======== DATA RECORDS
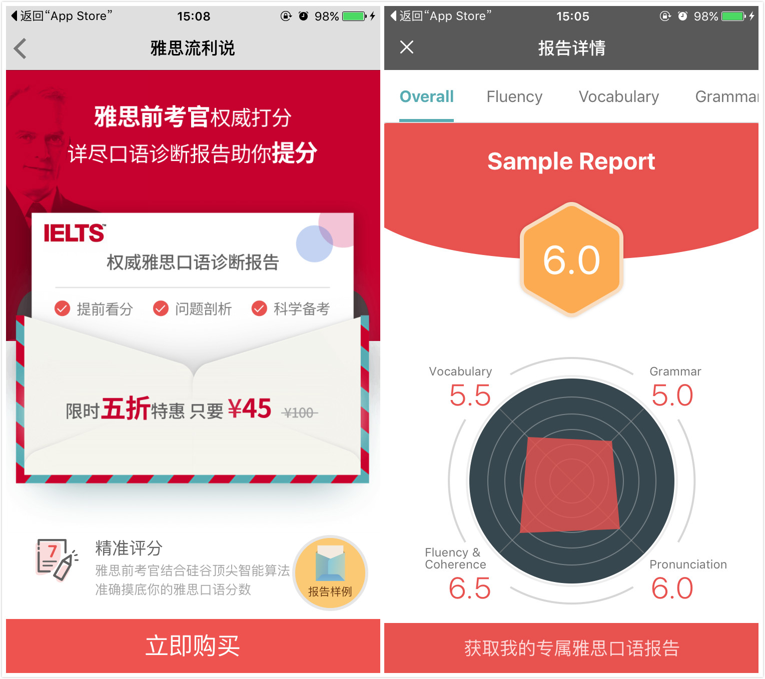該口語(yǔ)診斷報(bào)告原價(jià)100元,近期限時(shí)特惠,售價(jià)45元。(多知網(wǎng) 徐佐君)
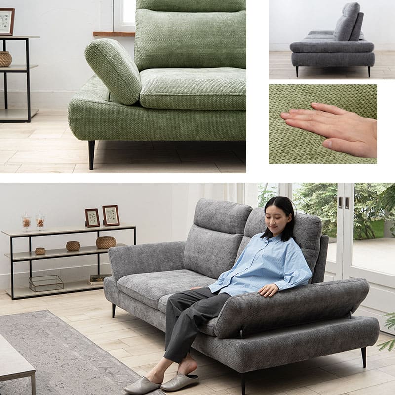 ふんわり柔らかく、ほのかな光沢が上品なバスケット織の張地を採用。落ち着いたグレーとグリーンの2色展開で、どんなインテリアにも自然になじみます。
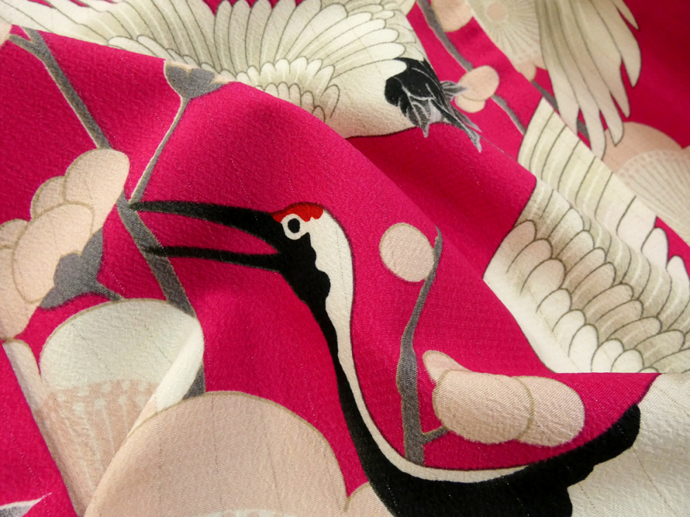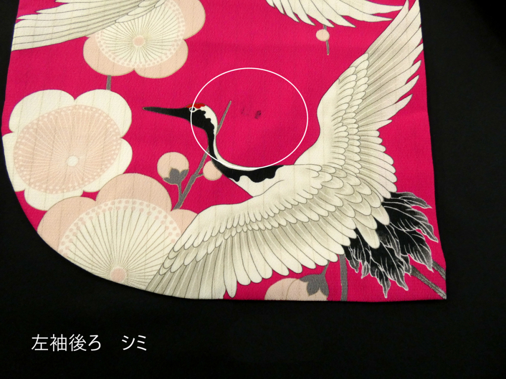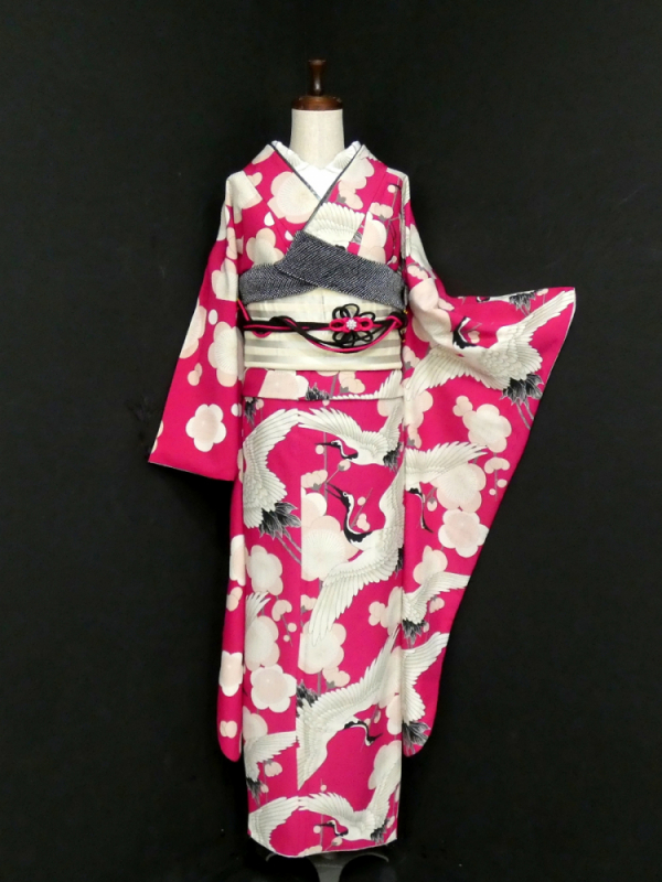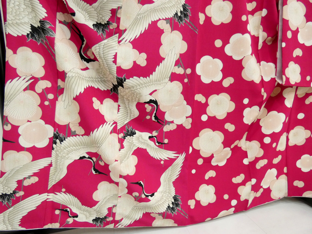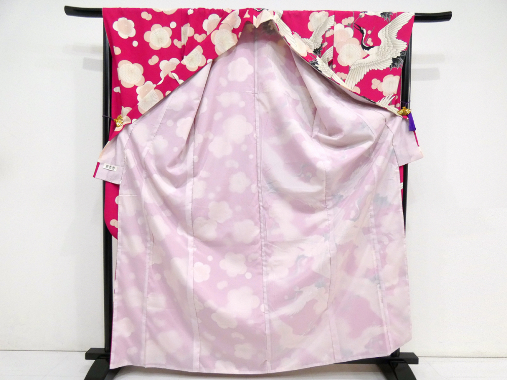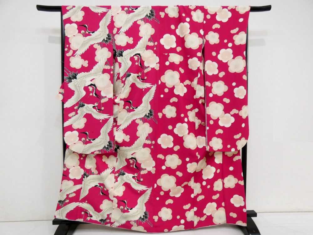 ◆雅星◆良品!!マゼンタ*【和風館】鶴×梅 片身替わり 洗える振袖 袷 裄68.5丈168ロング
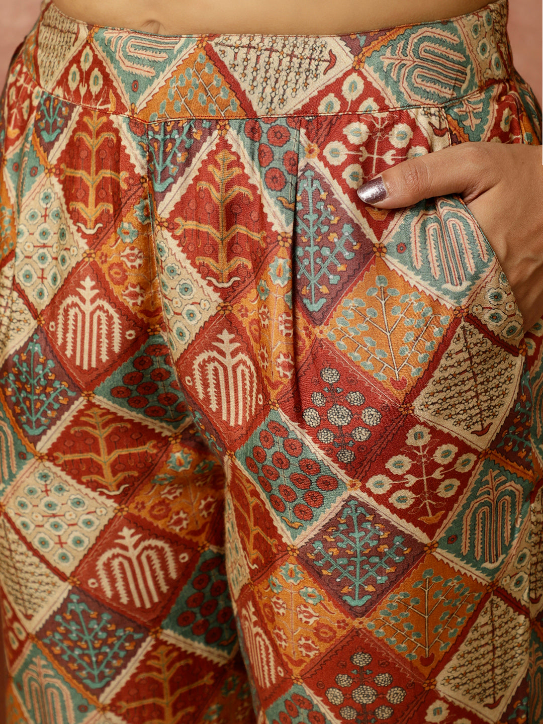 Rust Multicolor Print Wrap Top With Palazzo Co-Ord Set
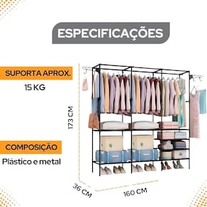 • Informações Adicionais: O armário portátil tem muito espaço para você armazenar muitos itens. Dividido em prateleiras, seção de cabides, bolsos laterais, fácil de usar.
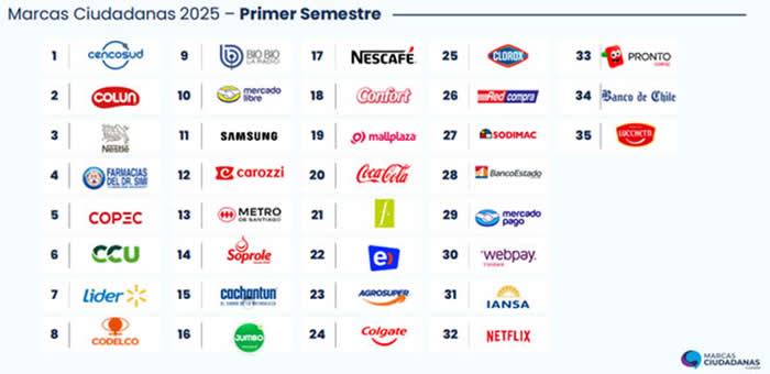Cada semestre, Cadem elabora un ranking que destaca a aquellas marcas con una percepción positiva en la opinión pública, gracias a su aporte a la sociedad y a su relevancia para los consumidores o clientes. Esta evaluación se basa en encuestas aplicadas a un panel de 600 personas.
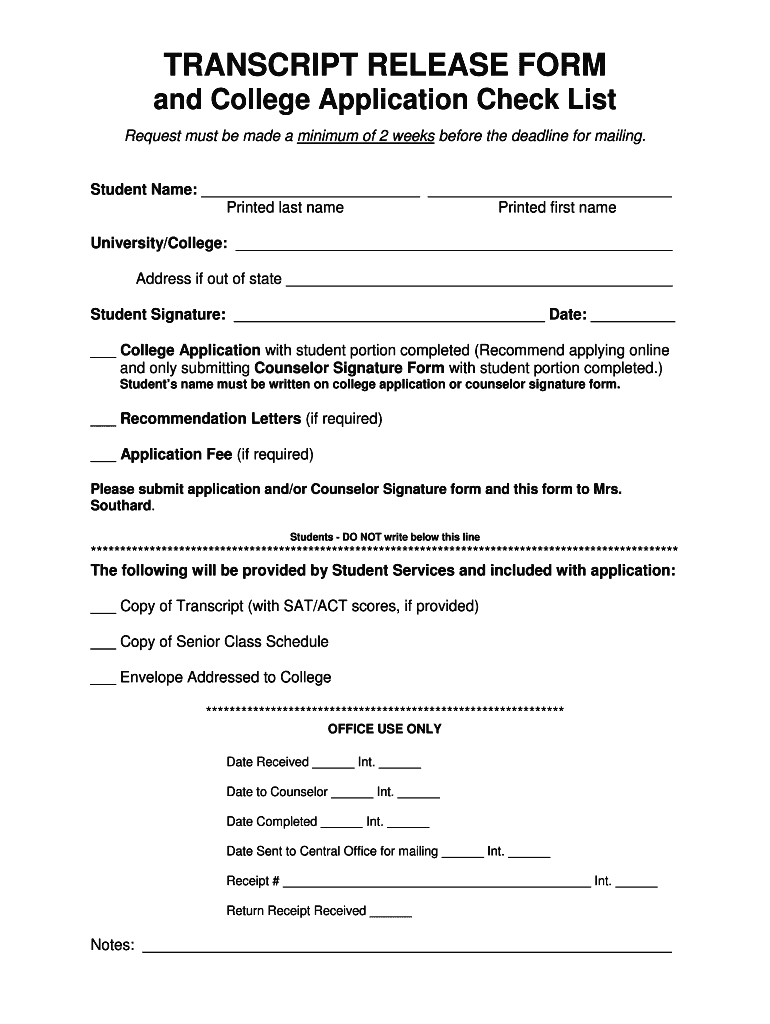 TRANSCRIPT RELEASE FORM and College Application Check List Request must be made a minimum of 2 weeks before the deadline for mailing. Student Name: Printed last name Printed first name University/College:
================
EXERCISE PROMPT
Each line from the first line of the listing above through the line containing "fácil de usar." is to be written out exactly, and the pictures are to be left out.

OUTPUT FOR THIS EXERCISE
該口語(yǔ)診斷報(bào)告原價(jià)100元,近期限時(shí)特惠,售價(jià)45元。(多知網(wǎng) 徐佐君)
 ふんわり柔らかく、ほのかな光沢が上品なバスケット織の張地を採用。落ち着いたグレーとグリーンの2色展開で、どんなインテリアにも自然になじみます。
 ◆雅星◆良品!!マゼンタ*【和風館】鶴×梅 片身替わり 洗える振袖 袷 裄68.5丈168ロング
 Rust Multicolor Print Wrap Top With Palazzo Co-Ord Set
 • Informações Adicionais: O armário portátil tem muito espaço para você armazenar muitos itens. Dividido em prateleiras, seção de cabides, bolsos laterais, fácil de usar.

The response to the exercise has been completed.